The person who was in touch with me to organize everything was the captain. We started talking in February and spent cerca 4 months in discussions, waiting for the boat to be ready, checking the weather, etc. In architecture it’s often the same thing, so my patience game is on another level…

So now we are in May and I receive a call – Alex, the sun is out, we have to make it happen before we sail off to Greece. Here is what we know:

  1. There will be 4 crew members besides me and my videographer colleague. Yes, it takes quite a few people to sail even a small yacht.
  2. It’s a 23m sailing boat, so the space is tight. Which means everyone onboard will get a PCR test. (2 days without masks. Yes please.)     
  3. We get onboard in Marina of Cascais – make a 4 hour sail down to Serra da Arrábida (Setubal) to get some beautiful location shots – stay there overnight – shoot some more the next day and sail back to Cascais.

We have chosen a 2 day window to make sure we have enough shooting time and just in case the weather brings any surprise. On the day of shooting we reach Cascais by 10am, meet our new “family” for the next 48 hours and head off to Arrábida. First thing you learn about the yachting world – the atmosphere on a sailing yacht is way more informal compared to a motor boat. When you sail there is no time for formalities – everyone is running around barefoot making sure the boat is OK and on the right track.

While going to the main location I started working on the first set of interiors.

Looks easy? Not quite.
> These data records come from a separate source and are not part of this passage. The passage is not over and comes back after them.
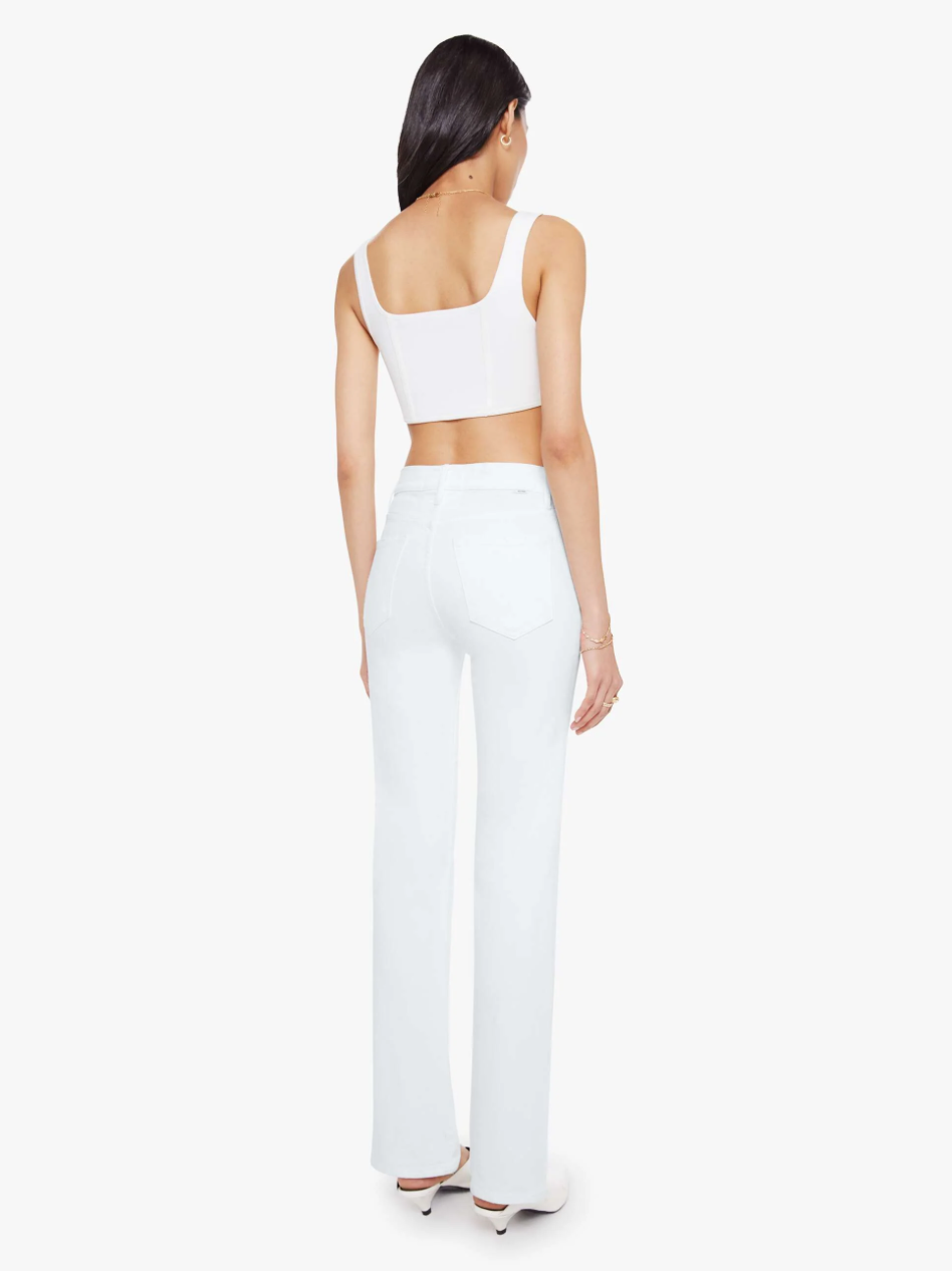 An expanded collection of foundational pieces designed for All Day, Every Day. Created for versatility, layering, and year-round wearability, these are the pieces you will never stop reaching for. A high-rise straight leg jean with a zip fly, 32-inch inseam and a clean hem. Cut from semi-rigid SUPERIOR denim, Totally Innocent is a classic white with tonal hardware.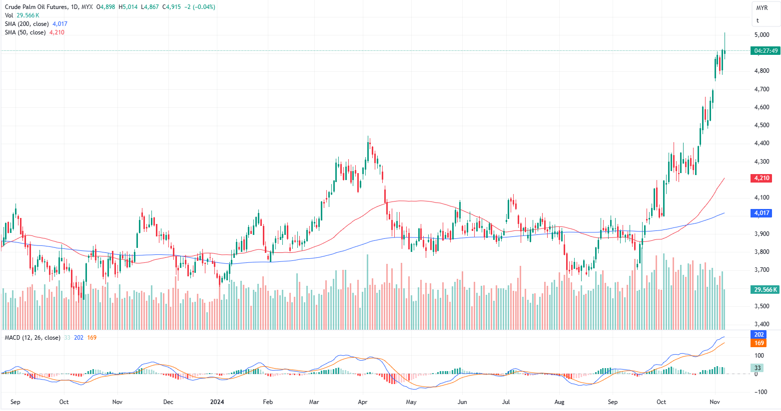 FCPO Jan month dropped 2 points or 0.04% to closed slightly lower at 4915 on midday session. Malaysia's crude palm oil futures closed higher on Wednesday, with the actively traded contract rising above RM4,900 per tonne. Palm oil traders attributed the positive market sentiment to a stronger export pace and a weaker ringgit against the US dollar.
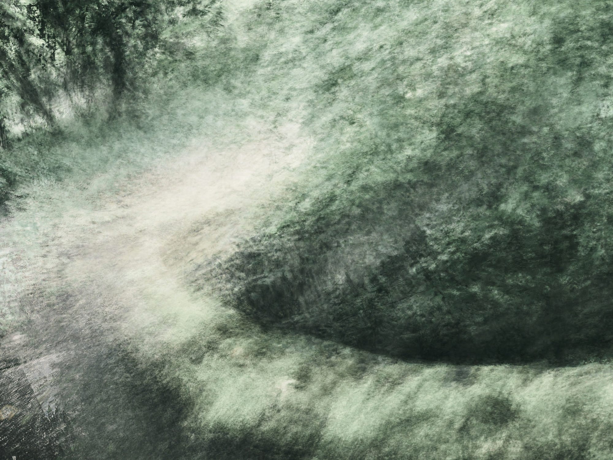 I started with subjects that were contemporary archaeological “ruins”. A 150 year old winch, a barracks from the first world war that is disappearing into the forest. The important element is that there’s a trace of structure there. Something recognisably un-natural which, depending on how I stack these images, will come through in the final result.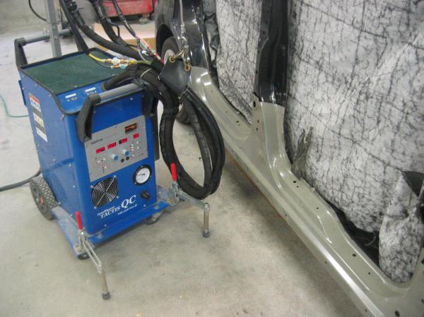 スポット溶接機は、「衝突安全ボディ」に対応した機械を導入しています。

The space is extremely tight. The boat is never fully stable, so the view outside the window is shifting up and down, and the light fluctuates like crazy. The issue with waves could only be resolved if parked in the Marina, but I didn’t want the view from the windows to be of other boats.. Probably next time will use some photoshop magic. Lesson learned.   

By the end of the day we arrive to our destination. Beautiful scenery, majestic sunset, and.. strong Atlantic wind. Damn I was hoping for the beautiful sunset shots on a calm water! Next time bring the boat to some secluded Italian lagoon please.

It gets dark, we pack the cameras until tomorrow and get around the table to share some laughs and good stories with the crew. By midnight everyone is in bed and we get 6 hours of good sleep before waking up for sunrise (the boat gently rocking on the waves makes me sleep like a baby).

Next morning the weather is being more gentle on us – the wind is calmer and we take this opportunity to put the inflatable boat on water to capture our beauty from the distance. This is the part where you have to hold on tight to a camera, if you don’t want to come back home with plus one funny story and minus one piece of equipment.

To summarize, here are a couple of good takeaways from this trip. When shooting yachts there is an infinite amount of circumstances that are out of your control. There is a lot of planning and preparation, because the time is limited and everyone has to know what they are doing. Yacht photography is much more about teamwork as compared to architecture. I am used to shooting buildings and the advantage is.. buildings don’t move. The location is pre-defined. The decoration doesn’t randomly fall of the table because we just hit a wave. No risks of leaving your camera at the bottom of the ocean. Oh and a bonus – you don’t get seasick (I did on our way back).

But I must say this project was quite an experience. Different setting, different challenges, lots of collaborative effort with some awesome people – huge thanks to everyone from the crew. We definitely had some good time and hopefully the owner is happy with the images. Bring me the next one.